KONTAN.CO.ID - JAKARTA. Sampai saat ini Kementerian Energi dan Sumber Daya Minera (ESDM) belum bisa memastikan larangan ekspor konsentrat tembaga akankah berbarengan dengan larangan bijih bauksit yang dilaksanakan Juni 2023 mendatang. Meski begitu, manajemen Freeport Indonesia telah menghitung asumsi kerugian yang akan ditanggung negara pada tahun ini jika larangan ekspor konsentrat tembaga dilaksanakan sebelum smelter katoda tembaga beroperasi penuh pada akhir Desember 2024. Pada catatan Kontan.co.id, PTFI memproyeksikan akan menyelesaikan konstruksi smelter tembaga dengan desain single-line ini pada akhir Desember 2023 dan memulai kegiatan operasionalnya pada akhir Mei 2024 hingga mencapai operasi penuh pada akhir Desember 2024.
VP Corporate Communication Freeport Indonesia Katri Krisnati menjelaskan, secara garis besar, larangan ekspor tembaga dapat mengakibatkan penangguhan kegiatan operasional PTFI yang secara signifikan berdampak pada keseluruhan kegiatan operasional serta penjualan hasil tambang.
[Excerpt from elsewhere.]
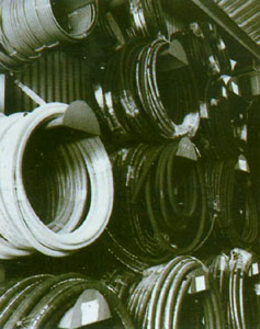 钢丝编织及钢丝缠绕高压胶管,直径(内经)为φ4、φ6、φ10、φ13、φ16等。 承受额定压力:20-100MPa。此胶管配上本公司喷头可清洗直径φ100-1000mm。一次推进长度为120m各类管道。

Baca Juga: Begini Komitmen MIND ID Soal Divestasi Saham Freeport Indonesia ke Daerah Jika penangguhan operasional tambang PTFI terjadi, potensi kerugian bagi penerimaan negara melalui Pajak, Dividen dan Penerimaan Negara Bukan Pajak (PNBP) mencapai Rp 57 triliun tahun ini. “Adapun daerah akan kehilangan pendapatan sekitar Rp 8,5 Triliun per tahun bagi APBD Provinsi, Kabupaten Mimika dan Kabupaten-kabupaten sekitar dalam provinsi,” ujarnya kepada Kontan.co.id Jumat (14/4). Terlepas dari kerugian yang akan ditanggung tersebut, Manajemen Freeport Indonesia menegaskan keputusan untuk merelaksasi aturan tersebut sepenuhnya merupakan kewenangan pemerintah. Freeport Indonesia terus berdialog dengan Pemerintah dan semua pemangku kepentingan untuk mengkaji dampak jika larangan ekspor tembaga diberlakukan. “Kami harap pemerintah dapat mempertimbangkan aturan turunan yang mencakup rincian jenis mineral yang dapat dan tidak dapat dijual ke luar negeri dengan beberapa pertimbangan tertentu,” ujarnya. Staf Khusus Menteri ESDM Bidang Percepatan Tata Kelola Mineral dan Batubara Irwandy Arif menilai kerugian negara yang akan ditanggung tentu tergantung besaran volume produksi konsentrat tembaga. “(Perihal kerugian) Kami belum tahu, itu kan tergantung jumlah produksinya,” jelasnya saat ditemui di Gedung Kementerian ESDM, Jumat (14/4). Secara umum, Irwandy menyatakan semestinya pada Juni 2023 semua mineral mentah dilarang ekspor, tetapi ada pertimbangan lain yang dilihat oleh pemerintah. Salah satunya karena dampak pandemi Covid-19 sehingga menghambat pembangunan smelter.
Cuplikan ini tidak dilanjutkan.